In typical metals, electrons can move freely in any direction until they encounter an obstacle, where they experience resistance and scatter randomly. However, in certain exotic materials, electrons may become locked to the material’s edge and flow in a single direction without friction, much like ants marching along a blanket’s boundary. This rare “edge state” allows electrons to glide effortlessly around obstacles while sticking to the material’s perimeter-focused flow, unlike in a superconductor where all electrons flow without resistance.
Physicists at MIT have successfully observed edge states in a cloud of ultracold atoms, capturing images of atoms flowing along a boundary without resistance even when obstacles are present. These findings, published in Nature Physics, could lead to the development of materials that enable super-efficient and lossless transmission of energy and data. By introducing small pieces of this material in future devices, electrons could shuttle along the edges and between different parts of a circuit without any loss, opening up new possibilities for energy transmission.

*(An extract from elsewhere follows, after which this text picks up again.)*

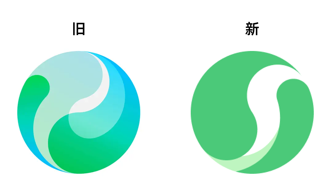旧版复杂的色彩过渡和阴阳图案叠加可能在小尺寸场景下辨识度降低。新版通过简化色彩层级(主色仅保留绿色+白色),在保持阴阳核心元素的同时,增强了视觉记忆点。

The study’s co-authors at MIT, including graduate students and faculty, are members of MIT’s Research Laboratory of Electronics and the MIT-Harvard Center for Ultracold Atoms. With direct observations of edge states, physicists hope to manipulate electrons to flow without friction in materials, which could revolutionize the field of energy transmission. The ability to witness this incredible physics firsthand that is usually hidden inside materials provides a new perspective and insight into the behavior of charged particles in certain materials.
The Quantum Hall effect, first observed in 1980, describes an unusual phenomenon where electrons in certain materials are confined to two dimensions under a magnetic field. Physicists proposed the concept of edge states to explain this effect, suggesting that electrons in an applied current could be deflected to the edges of a material and accumulate there. While the occurrence of edge modes is over femtoseconds and across fractions of nanometers, capturing them is incredibly challenging due to their fleeting nature and small scale.
Rather than capturing electrons in edge states, MIT physicists have recreated this physics in a more observable system using ultracold atoms in a carefully designed setup that mimics the behavior of electrons under a magnetic field. By studying the behavior of a cloud of sodium atoms in a laser-controlled trap cooled to nanokelvin temperatures, the researchers witnessed the atoms flowing along the edge without resistance, defying obstacles and obstacles much like electrons would in edge states. This research provides a reliable stand-in for studying how electrons would behave in similar edge states.
The researchers introduced an “edge” in the form of a circular wall created by laser light around the spinning atoms, observing that the atoms flowed along the edge in a single direction without friction. The prolonged, frictionless flow of atoms around the edge persisted even when the researchers placed obstacles in the atoms’ path, demonstrating the resilience and coherence of this edge state. By studying atoms in this system, researchers have validated the behavior predicted to occur in electrons in edge states, establishing a foundation for further exploration and experimentation in the field of quantum physics.